### Exercise
Since the pictures are not wanted, reproduce only the rest of the records, exactly as given.

### Dataset excerpts
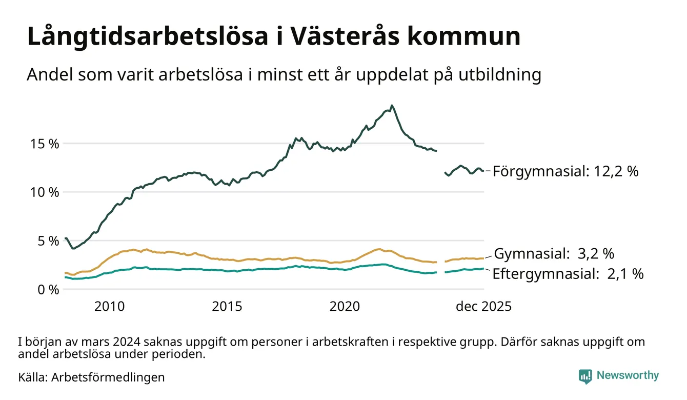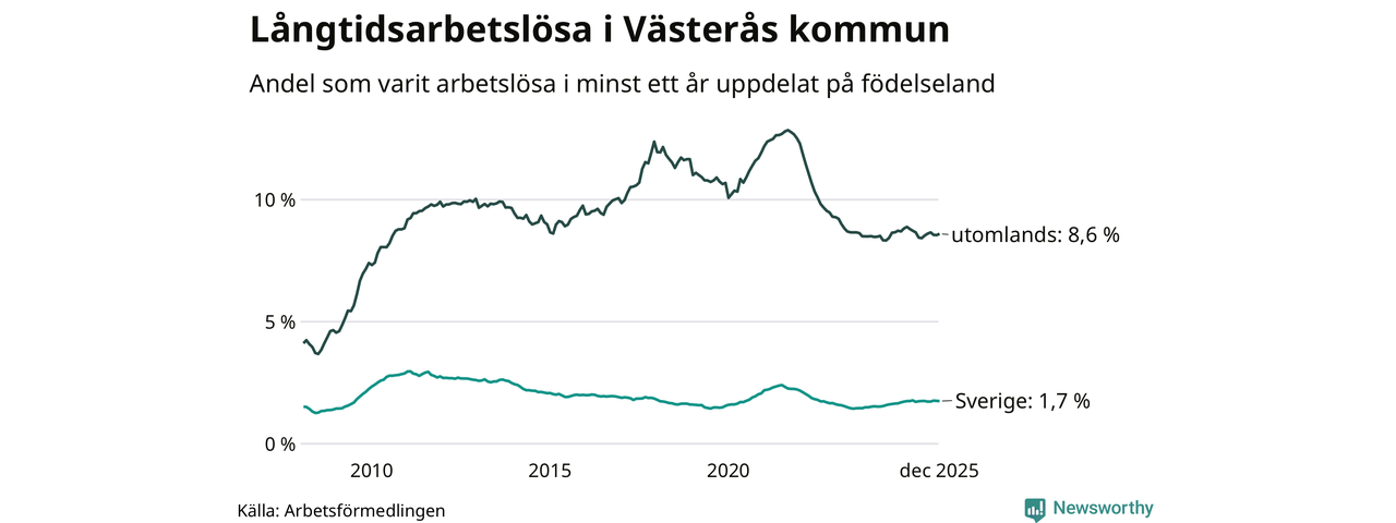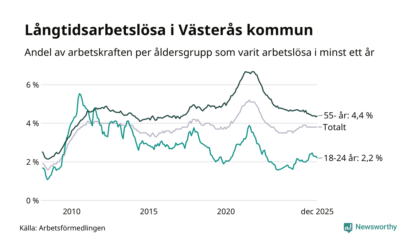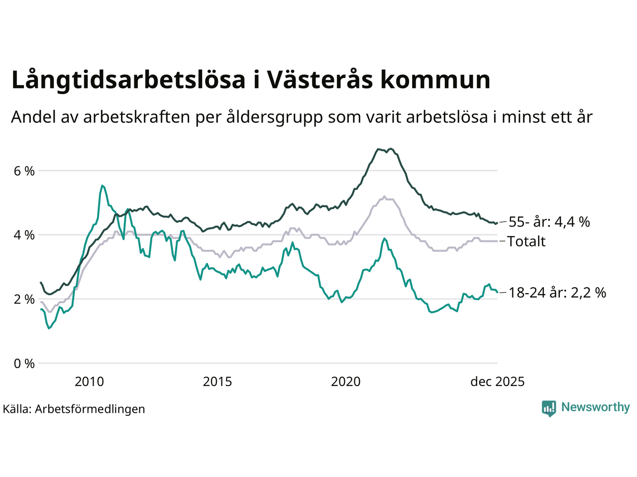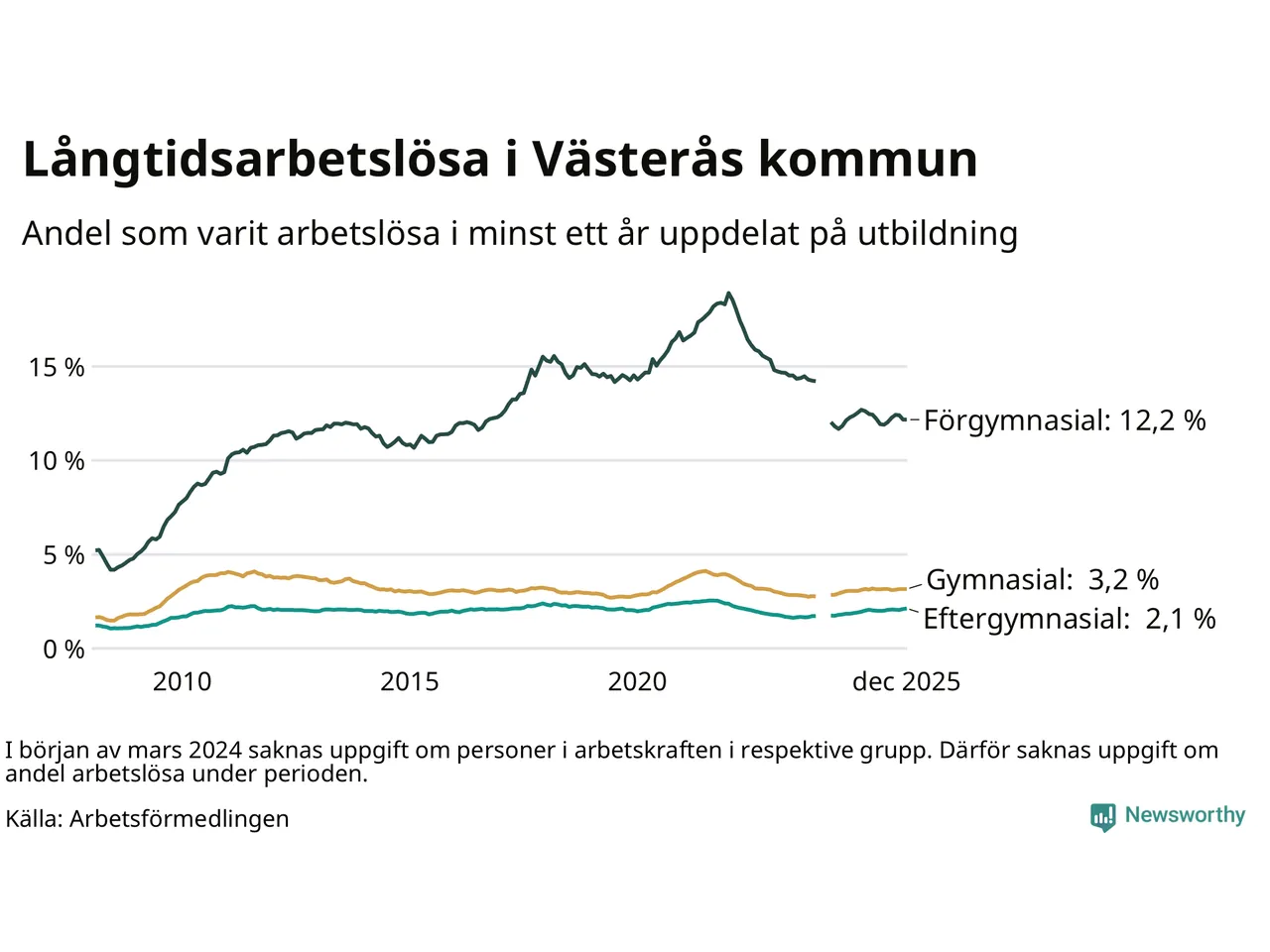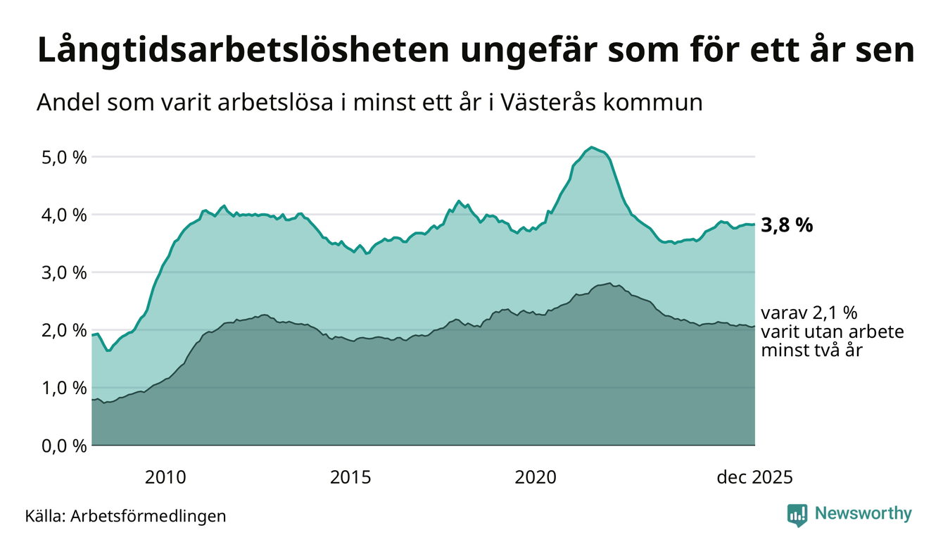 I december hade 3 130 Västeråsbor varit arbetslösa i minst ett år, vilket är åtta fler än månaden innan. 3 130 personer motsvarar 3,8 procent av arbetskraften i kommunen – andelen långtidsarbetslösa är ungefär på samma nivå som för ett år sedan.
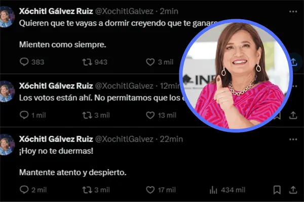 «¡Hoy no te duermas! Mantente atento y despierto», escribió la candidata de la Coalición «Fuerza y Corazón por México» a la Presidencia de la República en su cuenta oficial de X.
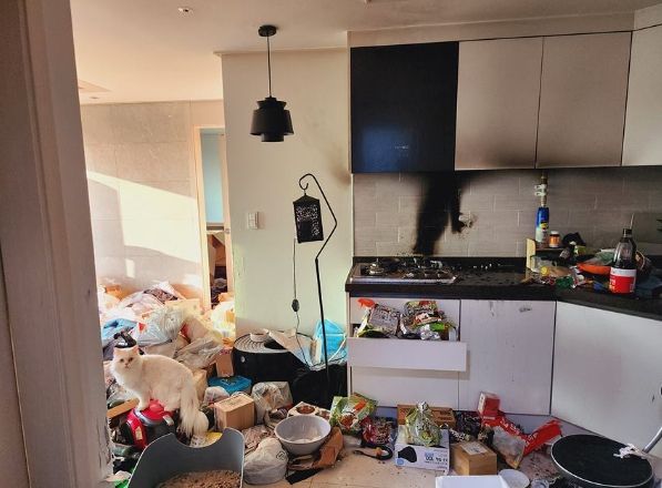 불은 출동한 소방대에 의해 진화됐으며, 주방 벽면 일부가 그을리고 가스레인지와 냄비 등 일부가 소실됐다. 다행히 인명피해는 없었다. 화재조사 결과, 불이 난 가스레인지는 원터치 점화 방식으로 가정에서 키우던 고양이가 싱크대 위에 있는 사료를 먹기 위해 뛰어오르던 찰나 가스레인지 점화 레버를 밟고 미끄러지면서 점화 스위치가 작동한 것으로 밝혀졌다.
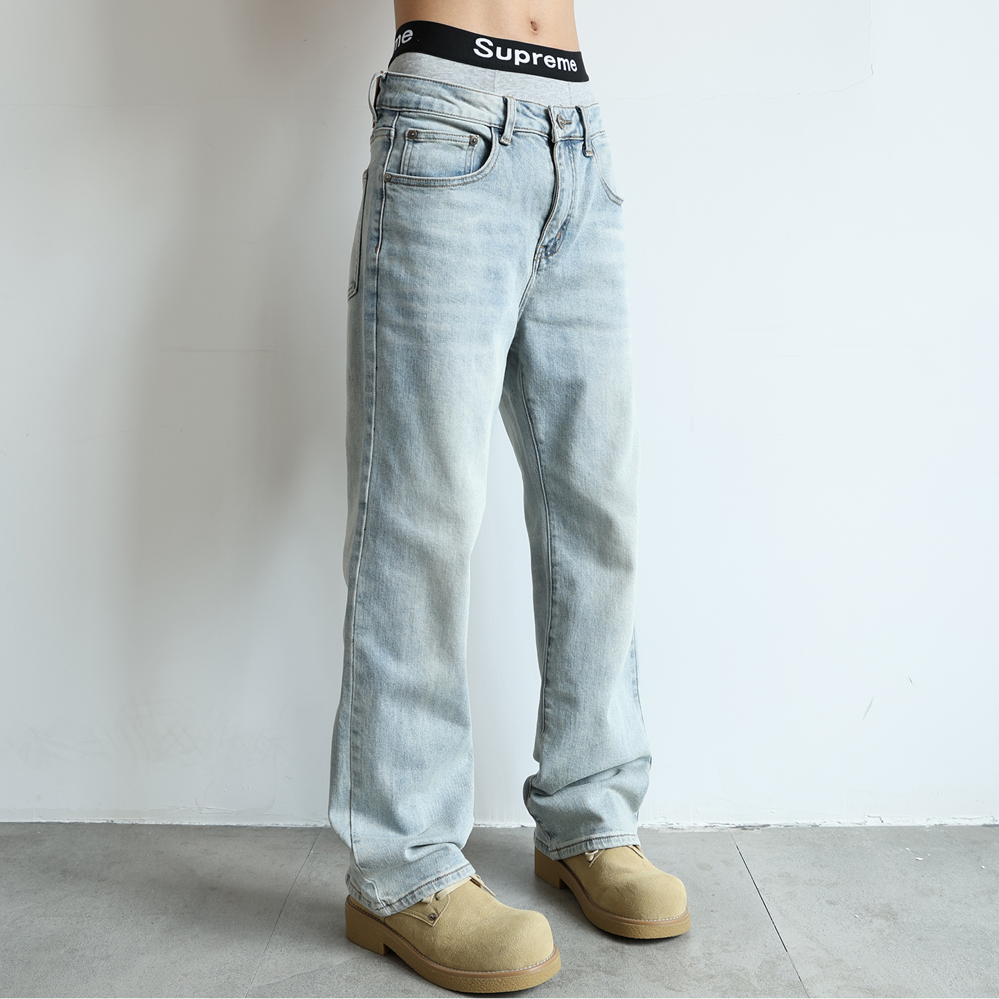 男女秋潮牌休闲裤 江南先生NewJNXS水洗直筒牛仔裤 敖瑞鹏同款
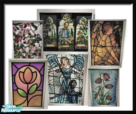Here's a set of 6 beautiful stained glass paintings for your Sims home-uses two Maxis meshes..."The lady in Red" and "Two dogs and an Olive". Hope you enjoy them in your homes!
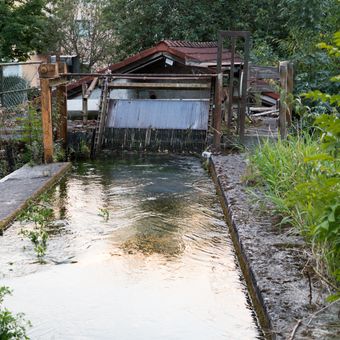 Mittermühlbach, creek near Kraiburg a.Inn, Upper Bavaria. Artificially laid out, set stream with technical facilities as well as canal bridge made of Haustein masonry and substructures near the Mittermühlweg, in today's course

### Output of the exercise
 I december hade 3 130 Västeråsbor varit arbetslösa i minst ett år, vilket är åtta fler än månaden innan. 3 130 personer motsvarar 3,8 procent av arbetskraften i kommunen – andelen långtidsarbetslösa är ungefär på samma nivå som för ett år sedan.
 «¡Hoy no te duermas! Mantente atento y despierto», escribió la candidata de la Coalición «Fuerza y Corazón por México» a la Presidencia de la República en su cuenta oficial de X.
 불은 출동한 소방대에 의해 진화됐으며, 주방 벽면 일부가 그을리고 가스레인지와 냄비 등 일부가 소실됐다. 다행히 인명피해는 없었다. 화재조사 결과, 불이 난 가스레인지는 원터치 점화 방식으로 가정에서 키우던 고양이가 싱크대 위에 있는 사료를 먹기 위해 뛰어오르던 찰나 가스레인지 점화 레버를 밟고 미끄러지면서 점화 스위치가 작동한 것으로 밝혀졌다.
 男女秋潮牌休闲裤 江南先生NewJNXS水洗直筒牛仔裤 敖瑞鹏同款
Here's a set of 6 beautiful stained glass paintings for your Sims home-uses two Maxis meshes..."The lady in Red" and "Two dogs and an Olive". Hope you enjoy them in your homes!
 Mittermühlbach, creek near Kraiburg a.Inn, Upper Bavaria. Artificially laid out, set stream with technical facilities as well as canal bridge made of Haustein masonry and substructures near the Mittermühlweg, in today's course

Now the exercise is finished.